Dark Chocolate Peanut Butter Chip Cookies
To die for Bakery-Style Dark Chocolate Peanut Butter Chip Cookies. This recipe is a fabulous copy-cat version of my favorite giant cookies from Levain bakery and just as good!
The first time I ever took a bite out of a Levain Bakery cookie in NYC, specifically these Dark Chocolate Peanut Butter Chip Cookies, I knew I had tasted the cookie of all cookies. It was well worth the half hour I waited in line out in the freezing cold to get into that tiny little bakery to place my cookie order.
Mr. Wishes and I got one of the dark chocolate peanut butter cookies and one chocolate chip walnut cookie since we couldn’t decide between the two. I also have a copy-cat recipe of their Levain Bakery Chocolate Chip Cookies.
These cookies weighed like 5 pounds each and were the size of your fist, just to give you an idea. Game OVER once I tried these. Game. Over. If you’re looking for a dessert to make or bring somewhere, look no further.
I’m so glad you’re here! Follow along on Pinterest for more inspiration!
I’m not normally a chocolate cookie person (or a chocolate person in general) but I am absolutely addicted to these Dark Chocolate Peanut Butter Chip Cookies and needed to recreate them at home. New York City is about a 7 hour drive from where I live, so I can’t go there as much as I would like. My waistline is very happy that I do not live closer.
Now these cookies are HUGE, people. The cookies at Levain are 6 ounces and I made them just as mammoth. I did add a teaspoon of vanilla just because that is my preference when it comes to cookie baking. Rumor has it that Levain does not use vanilla at all, but I like the nice, delicate taste that just a little bit of vanilla gives the cookie dough. The vanilla also enhances all of the flavors around it, and I’m all about enhancing flavor!
Confession: I made a video of myself making another version of these cookies for Facebook, and when I do food videos everything takes two or three times as long to do. I have to set up the different scenes and really think about what I’m doing as I’m adding ingredients.
When things have to look pretty they take extra time! The butter ended up being not so cold after being out for so long, and my cookies spread like crazy in the oven. They were literally as big as my face. The cookies still tasted amazing, don’t get me wrong. Just do me a favor and use butter right out of the refrigerator and keep the process moving so the dough doesn’t have a chance to warm up too much.

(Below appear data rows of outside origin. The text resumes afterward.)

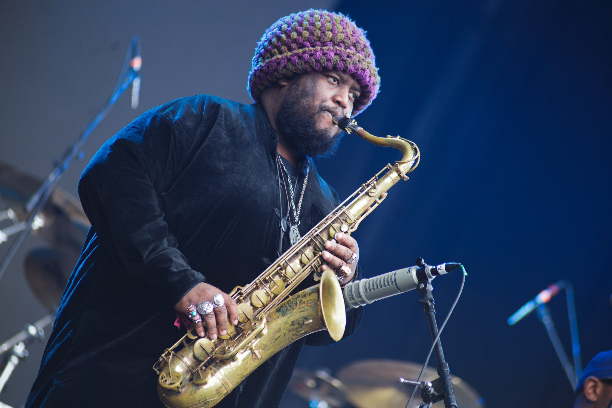 Arriba del escenario estaba Kamasi Washington y su banda, un combo de poder y ritmo que contaba con teclados, trombón, doble batería, voz -de la que hablaremos más tarde- y contrabajo. Este último instrumento era el culpable del ruido antes mencionado, Miles Mosley, el contrabajista de la banda, dejó la vida con un solo que comenzó normal y luego se fue desfigurando gracias a un pedal de wah wah y un arco para lograr sonidos más agresivos de lo normal. Una combinación que, personalmente, nunca había visto en vivo.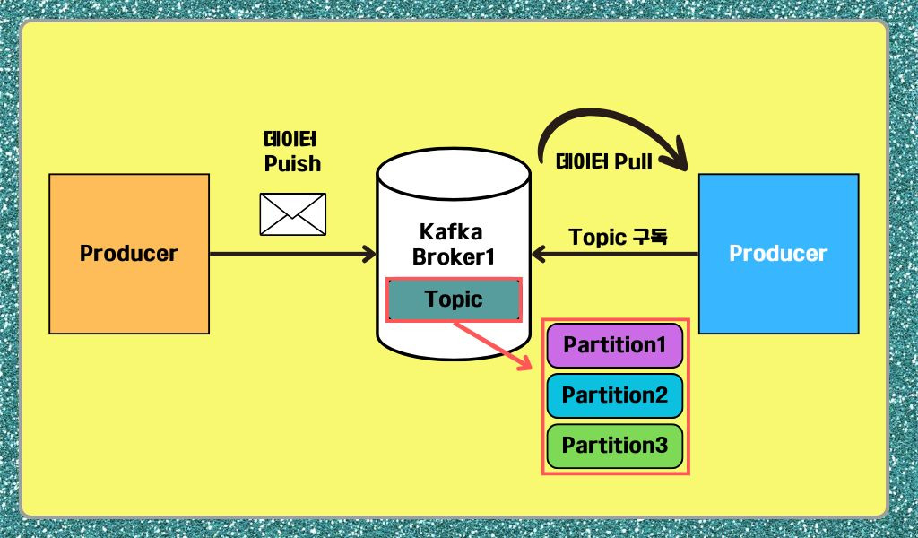 - Broker: Broker는 이 이벤트 정보를 받아 “활동 로그” Topic의 파티션에 저장합니다. 여러 사용자로부터 발생하는 이벤트가 동시에 처리되므로 높은 처리량을 유지합니다.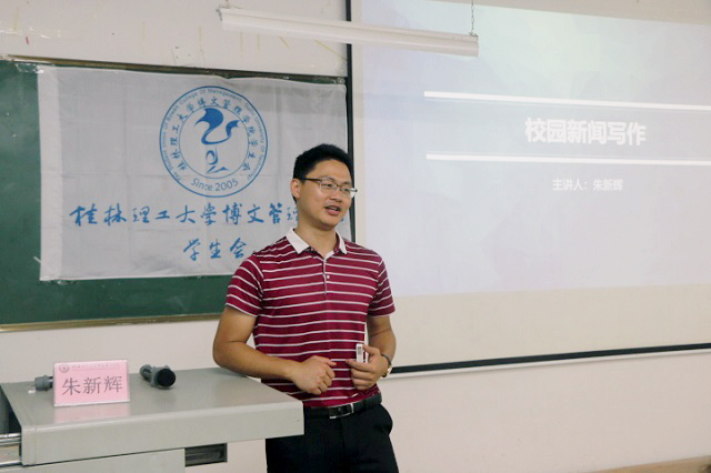 培训会上,老师以“新闻定义、特点及体裁”“新闻语言、框架及写作方法”“新闻选题策划”“校园新闻基本内容”等方面内容进行讲解。朱老师以校园日常各类新闻为例,并结合自身撰写新闻稿件的经验和体会,向同学们做了详细介绍和分析。此外,朱老师还强调:想要写好新闻,只是通过一两次的培训是远远不够的,重要的是要在日常学习生活中“多看,多读,多写,多观察,多思考,多行动”。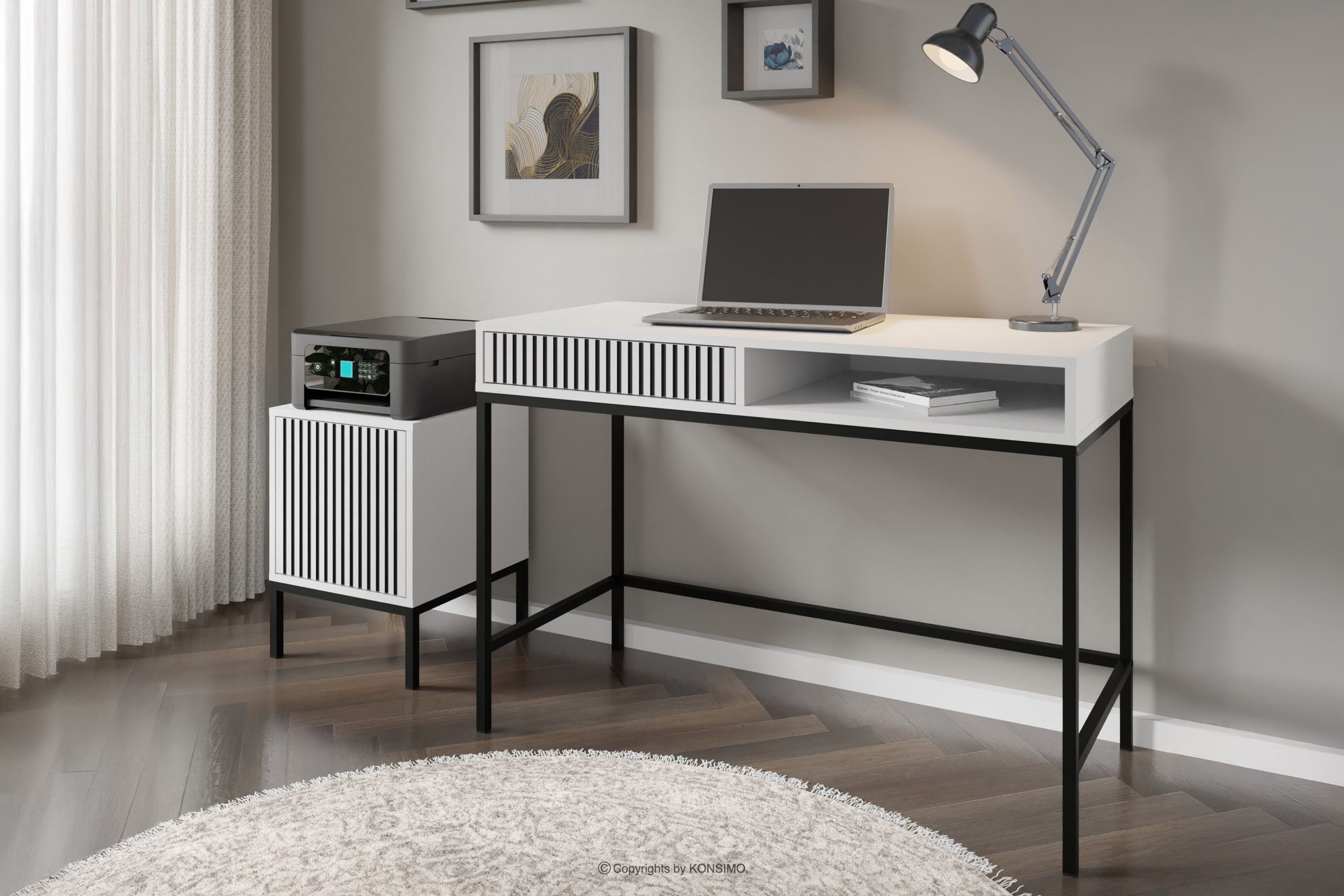 REMO Stolik nocny z lamelami biały/czarny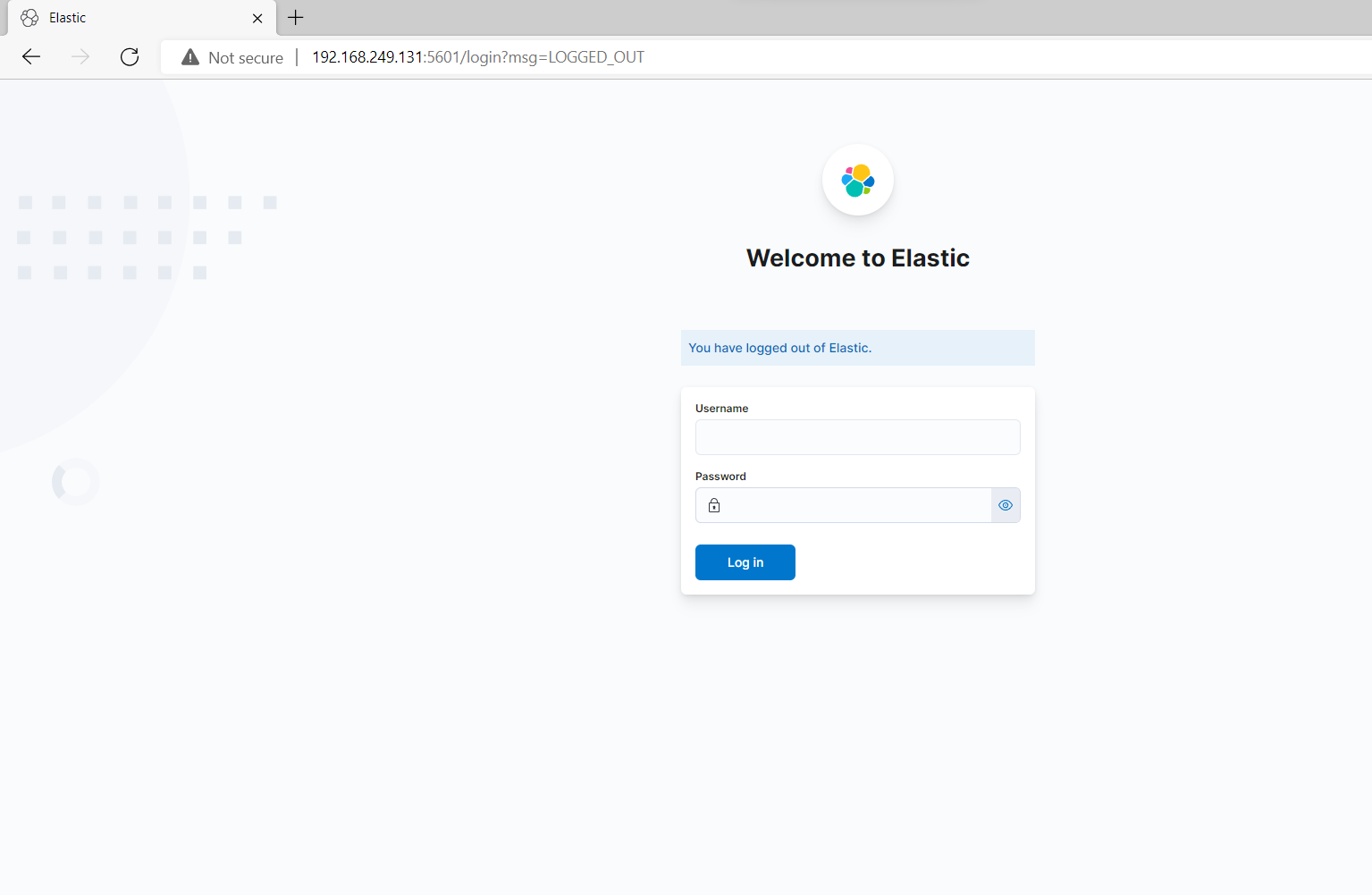 - When all 3 nodes are healthy, access the Kibana web UI by opening http://IP-address-of-the-host:5601 in a web browser and use the following (default) credentials to log in:
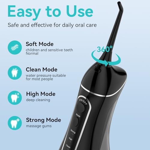 - 4 Customizable Modes for the Whole Family:Ideal for users of all ages, this cordless water flosser offers four adjustable pressure settings to suit individual needs–whether you have sensitive gums, braces, implants, or simply prefer a personalized clean. Modes include: Soft (for beginners and sensitive teeth), Clean (for daily comprehensive cleaning), High (for deeper cleaning), and Strong (for maximum power). It provides a thorough and gentle clean that surpasses traditional water flossers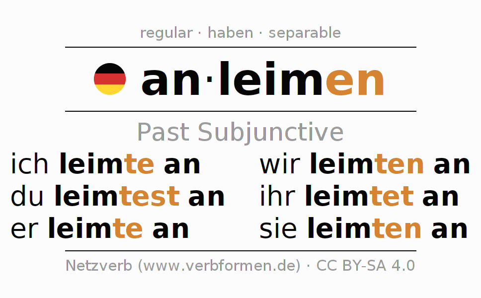 The conjugation of anleimen (bond, glue) in subjunctive II is: ich leimte an, du leimtest an, er leimte an, wir leimten an, ihr leimtet an, sie leimten an. As a regular verb the unmodified stem leim is used. The subjunctive endings -te, -test, -te, -ten, -tet, -ten are appended to this stem. The prefix an- of anleimen is separated. The conjugation of these forms conforms to the grammatical rules for verbs in the subjunctive II tense.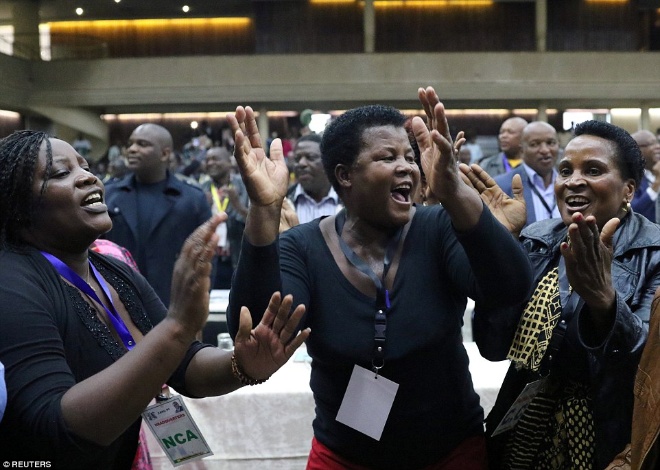 نشرت صحيفة "ديلى ميل" البريطانية؛ صورا ومقاطع مصورة للاحتفالات التي عمت زيمبابوى عقب إعلان اللجنة المركزية لحزب (الاتحاد الوطني الأفريقي الزيمبابوي - الجبهة الوطنية) خلال الاجتماع الاستثنائى إقالة الرئيس روبرت موجابي من زعامة الحزب اليوم الأحد ليحل محله إمرسون منانجاجوا وهو نائب الرئيس الذي عزله موجابي هذا الشهر.

Another tip I learned after researching the heck out of how Levain gets their cookies so perfect: 1 teaspoon of cornstarch mixed into the dough in addition to the other leaveners is the secret ingredient in their cookie batter. It really helps to bulk up the cookie and keeps the cookie nice and soft on the inside.
These cookies are just as good the next day and are not for the faint of heart…but, please…I’m BEGGING you to eat one of these warm.
If you’re loving these Dark Chocolate Peanut Butter Chip Cookies, definitely check out my Double Chocolate Truffle Cookies. I also highly recommend my giant Oreo Stuffed Chocolate Chip Cookies. You can also check out my whole collection of cookie recipes. Enjoy!
- Preheat oven to 410 degrees F.
- In a bowl of a stand mixer (or use hand mixer), cream together cold butter and sugars until light and fluffy, approximately 4 minutes.
- Add eggs one at a time, mixing well after each one.
- Mix in vanilla.
- Whisk together the cocoa, cake flour, all-purpose flour, cornstarch, baking soda, and salt in a separate mixing bowl.
- Mix this into the butter/sugar mixture until just combined, in a few increments (do not over-mix).
- Gently fold in peanut butter chips.
- Chill dough for 20-30 minutes.
- Separate dough into large balls (about 5-6 ounces each) and place on lightly colored cookie sheet lined with parchment paper or silicone baking mat.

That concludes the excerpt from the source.